The murals themselves transformed city neighborhoods which had long suffered from years of neglect and hardship. In 1996, Mural Arts was reorganized under the City of Philadelphia Department of Recreation, and Golden was put in place as its director. At this time, she established the Philadelphia Mural Arts Advocates, a nonprofit organized to raise funds and provide support to the program (Shea).

While Mural Arts has roughly 70 ongoing community mural projects, the citywide initiative is actually about much more than murals. Golden, who is now Mural Arts’ executive director, and her 54-member team are also shepherding a floating art and ecology lab as envisioned by artist Meejin Yoon for the Schuylkill River; Radio Silence, a podcast and radio series by Michael Rakowitz created in tandem with the city’s Iraqi refugee community; and Porch Light, a collaboration with the city’s Department of Behavioral Health and Intellectual Disability Services to provide programs at the intersection of arts, recovery, and healing (“Public Art and Civil Engagement”). Mural Arts also has programs addressing arts education and the criminal justice system, and offers city tours through which visitors can explore what Mural Arts calls “the world’s largest outdoor art gallery” (Heidenry).

Despite the diversification of its activities, the organization’s core mission remains the same, according to Golden. “We’re addressing the need for creativity in people’s lives—the opportunity to look at some of our city’s more intractable problems and address them through a creative means,” she emphasized (Halpern). Golden also acknowledged that public funding support has been crucial to fostering and growing Mural Arts. “We have been honored to receive funds from the NEA, and feel that it is invaluable…. Government funding for us is a platform and a catalyst” (Silverman).

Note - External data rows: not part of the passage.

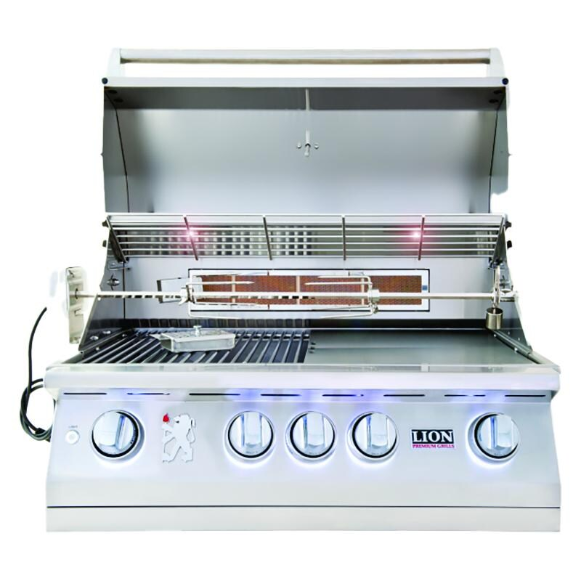 Lion demonstrates their gourmet grilling expertise with the L75000 propane gas grill. This stainless steel 32-inch BBQ grill has all the features and flare required to get your backyard barbecuing experience started. Five Lion Quick Lite valves ensure a fast, steady flame for grilling startup, and push-to-turn knob design simplifies operation. Commercial grade 304 stainless steel construction promises an unbreakable grill in your backyard. The double layer, seamless welded, stainless steel grill head with polished edges delivers durability to your grilling area. Four cast stainless steel burners push 60,000 BTUs of cooking power on the grilling surface, and a 15,000 BTU infrared rotisserie back burner adds fuel to the fire! An XL temperature gauge makes monitoring your meal simple, and the two interior lights illuminate the interior grilling area so you can enjoy grilling late into the evening. Premium solid stainless steel cooking grates resist wear and tear, and provide 647 square inches of grilling space. Experience the benefits of a grilling gourmet package with the included rotisserie, cover, smoker box, griddle and griddle remover with bottle opener.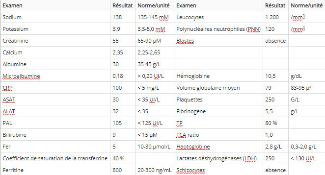 TA = 130/80 mmHg, ; FC = 105 bpm, ; FR = 16/min ; SaO2 = 98% en air ambiant ; T° = 38,7°C.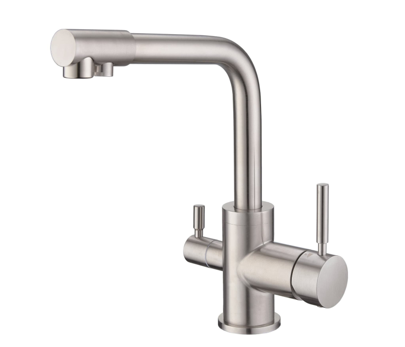 Данный кухонный смеситель двух-аэраторный имеет однорычажное управление и удобную ручку для регулировки подачи воды. Смеситель EMAR-3003NS сделан из латуни, покрытие под сатин. Подойдет в любые кухонные раковины, смеситель универсальный.

Through her work with Mural Arts, Golden has developed an understanding of the utility of art. Yes, public art can make a community more aesthetically appealing. But even more essential, however, it is the way in which the process of making art can powerfully give voice to community members. When the people of a community are actively engaged in creating the artwork that beautifies the built environment in which they live, they can see their own hopes, dreams, and concerns writ large on their local landscape, which in turn empowers them to ask for and make change at a deeper level.

With the murals Golden oversees, the challenges start even before the paintbrushes come out. Before any mural comes to life, a community has to come together, put in a request, and meet to decide on images (“Public Art and Civil Engagement). In 2004, community leaders from Mantua, a West Philadelphia neighborhood known as ‘The Bottom,’ submitted an ambitious request. They wanted to paint murals on two apartment buildings that bordered a field trashed with glass shards and old tires. Today, the junk in the vacant Mantua lots has been replaced by a park — a trend that can attract developers. ‘They say that they feel that it is safer to build in Mantua,’ Golden says. ‘ I know that what we’re doing isn’t a solution for all that is wrong with the city … [but] murals show us the catalytic role that art can play in healing a city,’ Golden says (“Letters: Murals Invigorate Philly”). Not only do these murals work at bringing together and healing a community, they also help bring about economic change and opportunities.

Jane Golden has been a driving force in the organization since its genesis as the Anti-Graffiti Network. Today, the Mural Arts Program is internationally renowned for its success in beautifying urban neighborhoods, transcending urban divides and empowering artists to bring their work to the public.